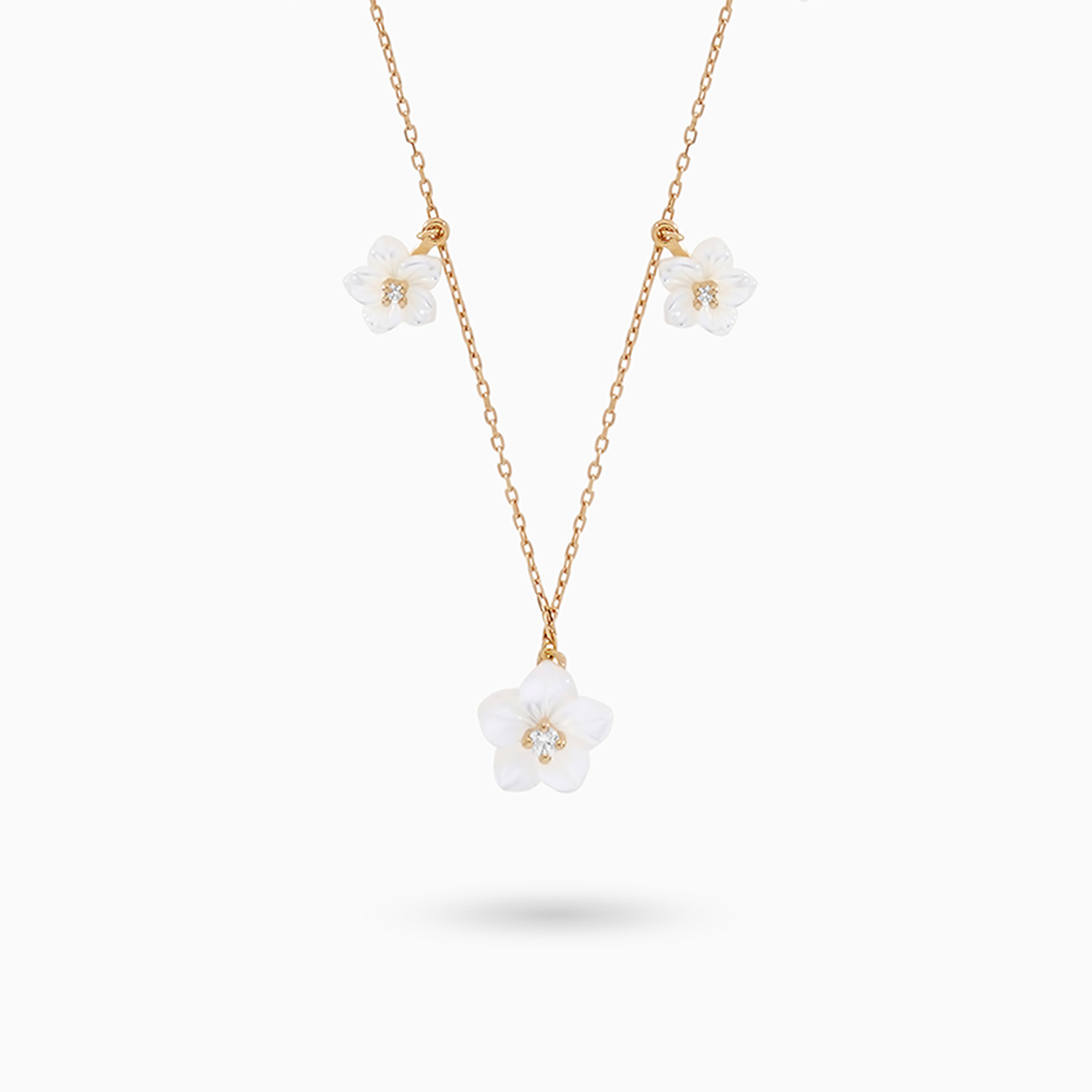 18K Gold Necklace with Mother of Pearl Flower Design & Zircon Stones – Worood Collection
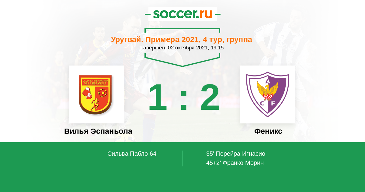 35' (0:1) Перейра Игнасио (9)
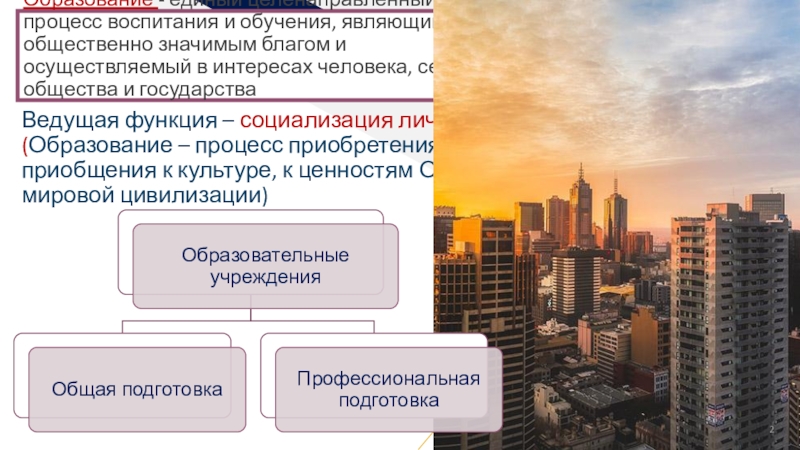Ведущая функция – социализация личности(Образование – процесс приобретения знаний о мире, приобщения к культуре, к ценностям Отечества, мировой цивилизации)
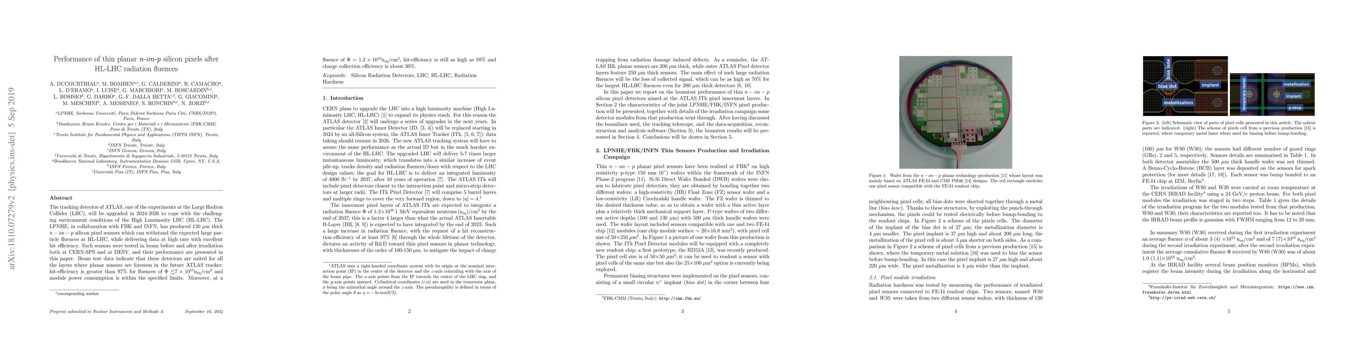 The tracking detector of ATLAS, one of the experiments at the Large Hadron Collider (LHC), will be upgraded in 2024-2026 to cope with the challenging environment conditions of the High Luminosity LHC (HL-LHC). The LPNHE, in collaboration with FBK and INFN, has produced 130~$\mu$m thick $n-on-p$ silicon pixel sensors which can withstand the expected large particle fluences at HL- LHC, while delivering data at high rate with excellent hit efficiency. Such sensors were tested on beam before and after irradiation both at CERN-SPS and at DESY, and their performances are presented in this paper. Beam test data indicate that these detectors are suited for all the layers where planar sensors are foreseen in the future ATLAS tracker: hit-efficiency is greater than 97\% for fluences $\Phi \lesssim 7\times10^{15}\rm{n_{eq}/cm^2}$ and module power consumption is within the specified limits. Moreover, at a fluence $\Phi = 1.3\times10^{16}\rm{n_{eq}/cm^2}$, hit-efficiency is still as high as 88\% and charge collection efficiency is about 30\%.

## Problem statement
Line by line, write out the data above exactly, without the pictures.

## Solution to this problem
 18K Gold Necklace with Mother of Pearl Flower Design & Zircon Stones – Worood Collection
 35' (0:1) Перейра Игнасио (9)
Ведущая функция – социализация личности(Образование – процесс приобретения знаний о мире, приобщения к культуре, к ценностям Отечества, мировой цивилизации)
 The tracking detector of ATLAS, one of the experiments at the Large Hadron Collider (LHC), will be upgraded in 2024-2026 to cope with the challenging environment conditions of the High Luminosity LHC (HL-LHC). The LPNHE, in collaboration with FBK and INFN, has produced 130~$\mu$m thick $n-on-p$ silicon pixel sensors which can withstand the expected large particle fluences at HL- LHC, while delivering data at high rate with excellent hit efficiency. Such sensors were tested on beam before and after irradiation both at CERN-SPS and at DESY, and their performances are presented in this paper. Beam test data indicate that these detectors are suited for all the layers where planar sensors are foreseen in the future ATLAS tracker: hit-efficiency is greater than 97\% for fluences $\Phi \lesssim 7\times10^{15}\rm{n_{eq}/cm^2}$ and module power consumption is within the specified limits. Moreover, at a fluence $\Phi = 1.3\times10^{16}\rm{n_{eq}/cm^2}$, hit-efficiency is still as high as 88\% and charge collection efficiency is about 30\%.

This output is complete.